- [Problem details] Copy each line below as it stands, but skip any picture it contains.

───── Dataset section

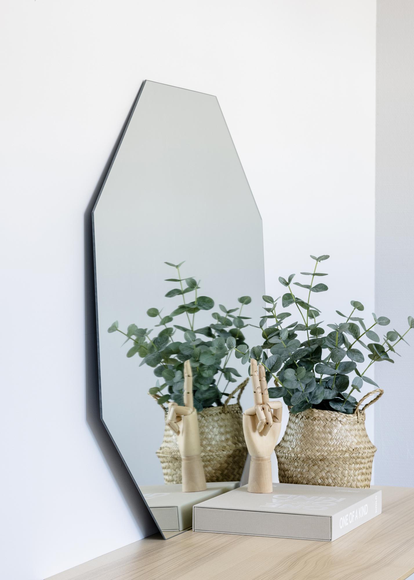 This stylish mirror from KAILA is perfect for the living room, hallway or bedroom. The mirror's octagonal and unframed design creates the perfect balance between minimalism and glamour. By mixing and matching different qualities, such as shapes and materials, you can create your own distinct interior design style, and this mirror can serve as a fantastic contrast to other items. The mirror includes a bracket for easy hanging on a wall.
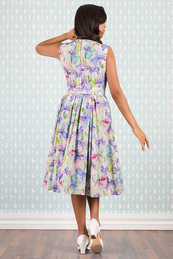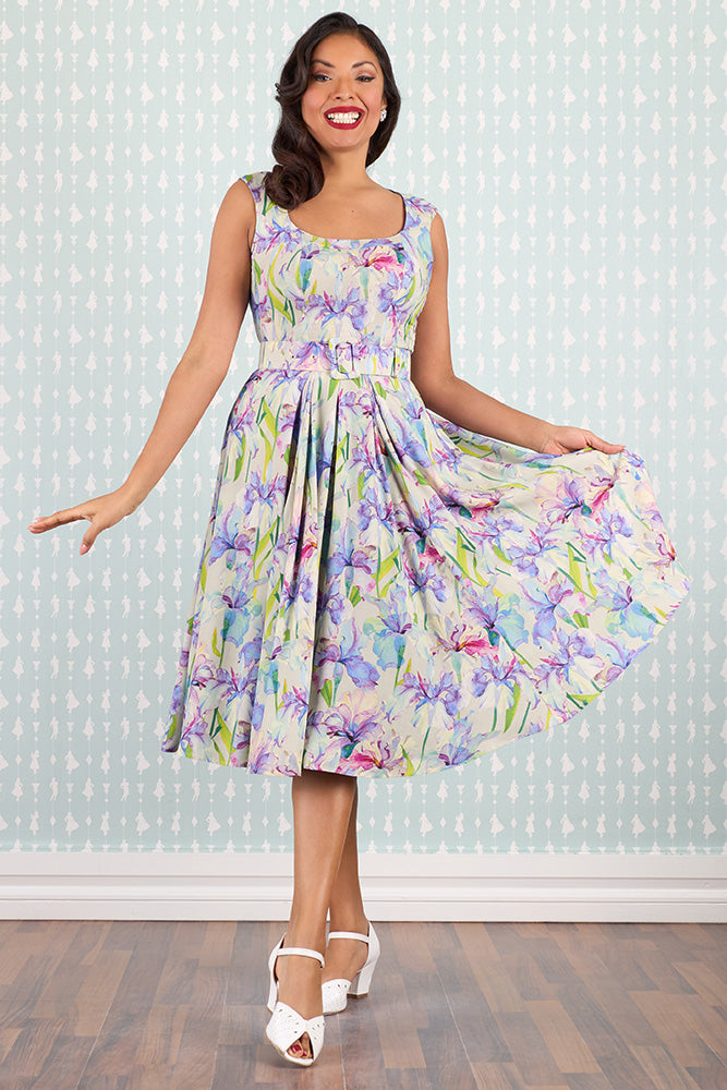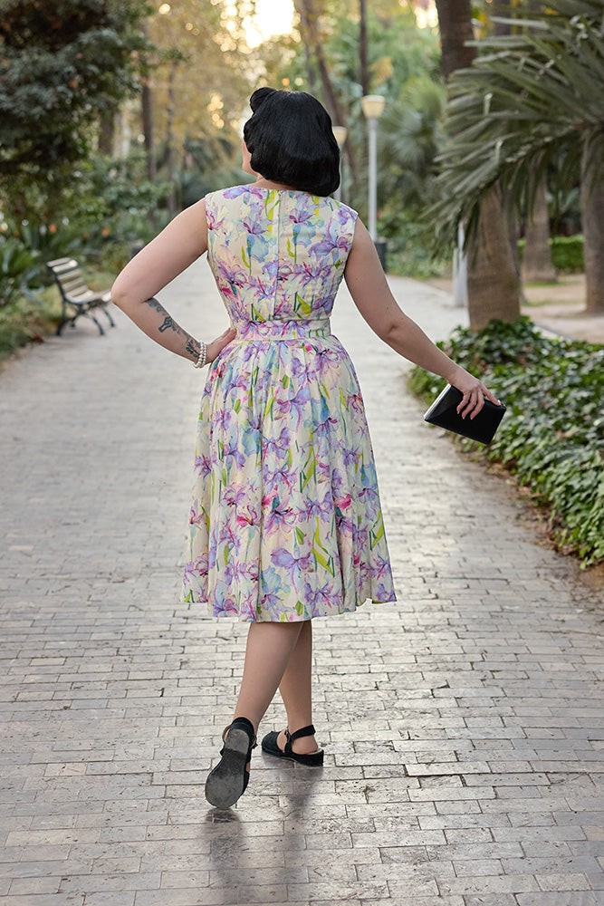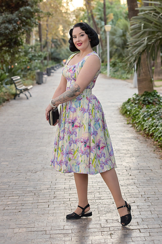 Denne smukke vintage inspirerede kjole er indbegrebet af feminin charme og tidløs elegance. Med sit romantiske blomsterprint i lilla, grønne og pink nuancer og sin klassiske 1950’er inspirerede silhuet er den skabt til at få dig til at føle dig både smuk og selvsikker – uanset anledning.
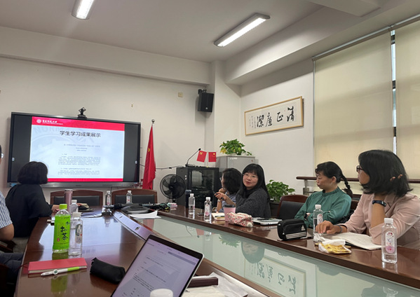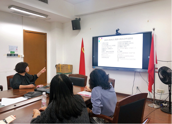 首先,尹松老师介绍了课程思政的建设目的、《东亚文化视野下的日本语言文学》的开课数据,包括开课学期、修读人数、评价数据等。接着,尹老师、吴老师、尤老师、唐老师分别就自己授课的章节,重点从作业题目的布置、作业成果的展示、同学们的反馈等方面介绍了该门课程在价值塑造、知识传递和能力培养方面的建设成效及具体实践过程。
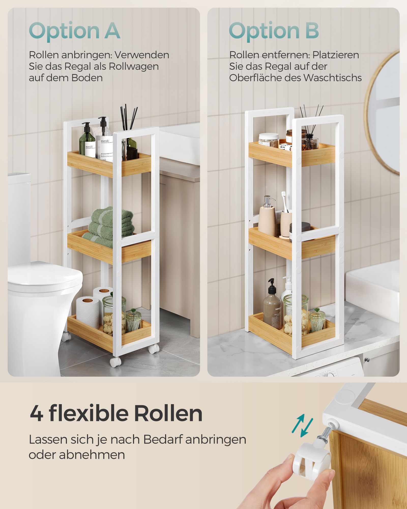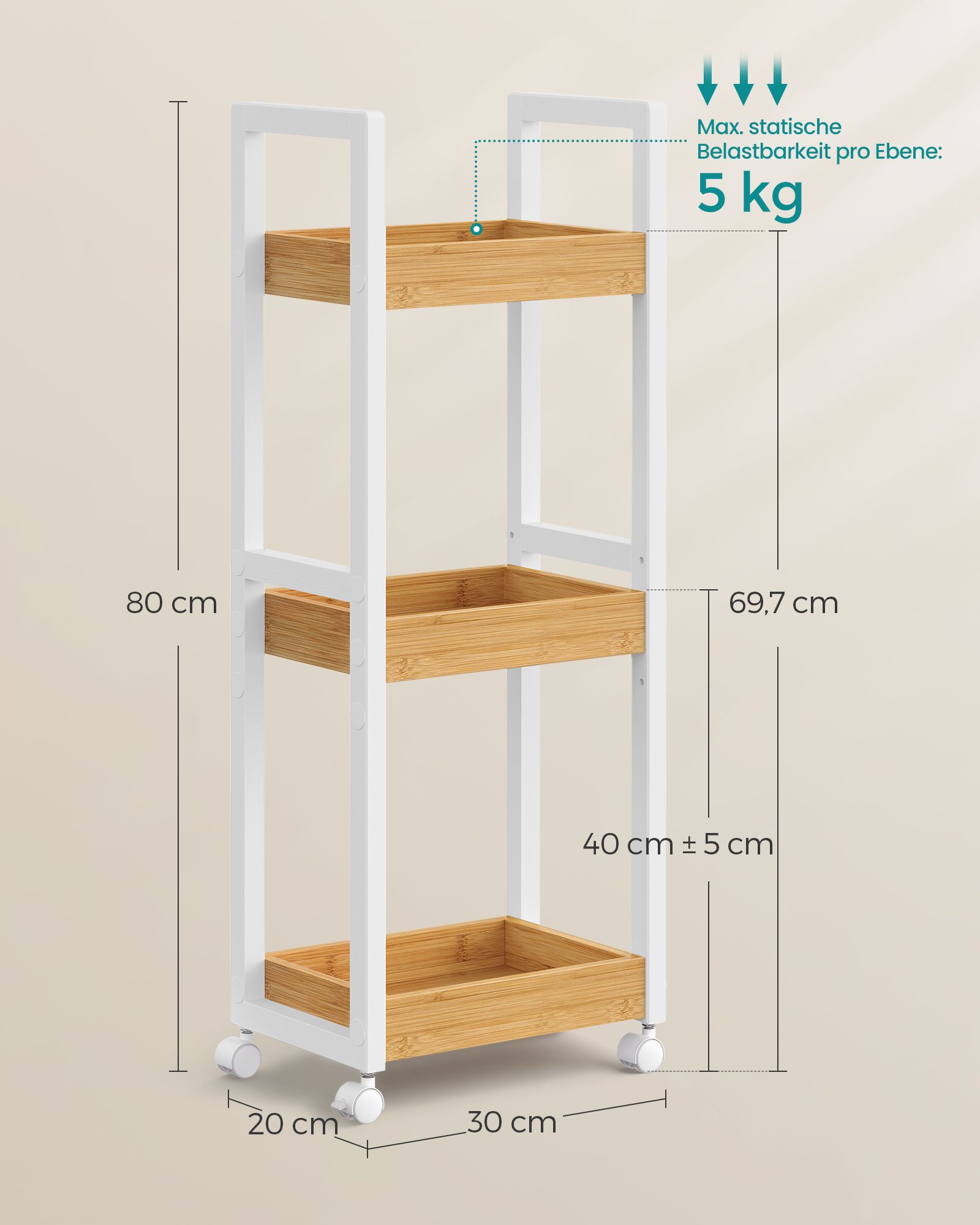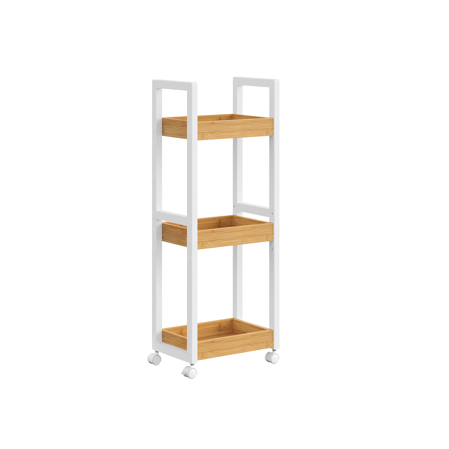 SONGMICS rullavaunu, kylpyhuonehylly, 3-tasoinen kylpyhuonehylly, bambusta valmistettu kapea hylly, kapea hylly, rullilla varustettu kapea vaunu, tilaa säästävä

──────────

- [Result of this task]
 This stylish mirror from KAILA is perfect for the living room, hallway or bedroom. The mirror's octagonal and unframed design creates the perfect balance between minimalism and glamour. By mixing and matching different qualities, such as shapes and materials, you can create your own distinct interior design style, and this mirror can serve as a fantastic contrast to other items. The mirror includes a bracket for easy hanging on a wall.
 Denne smukke vintage inspirerede kjole er indbegrebet af feminin charme og tidløs elegance. Med sit romantiske blomsterprint i lilla, grønne og pink nuancer og sin klassiske 1950’er inspirerede silhuet er den skabt til at få dig til at føle dig både smuk og selvsikker – uanset anledning.
 首先,尹松老师介绍了课程思政的建设目的、《东亚文化视野下的日本语言文学》的开课数据,包括开课学期、修读人数、评价数据等。接着,尹老师、吴老师、尤老师、唐老师分别就自己授课的章节,重点从作业题目的布置、作业成果的展示、同学们的反馈等方面介绍了该门课程在价值塑造、知识传递和能力培养方面的建设成效及具体实践过程。
 SONGMICS rullavaunu, kylpyhuonehylly, 3-tasoinen kylpyhuonehylly, bambusta valmistettu kapea hylly, kapea hylly, rullilla varustettu kapea vaunu, tilaa säästävä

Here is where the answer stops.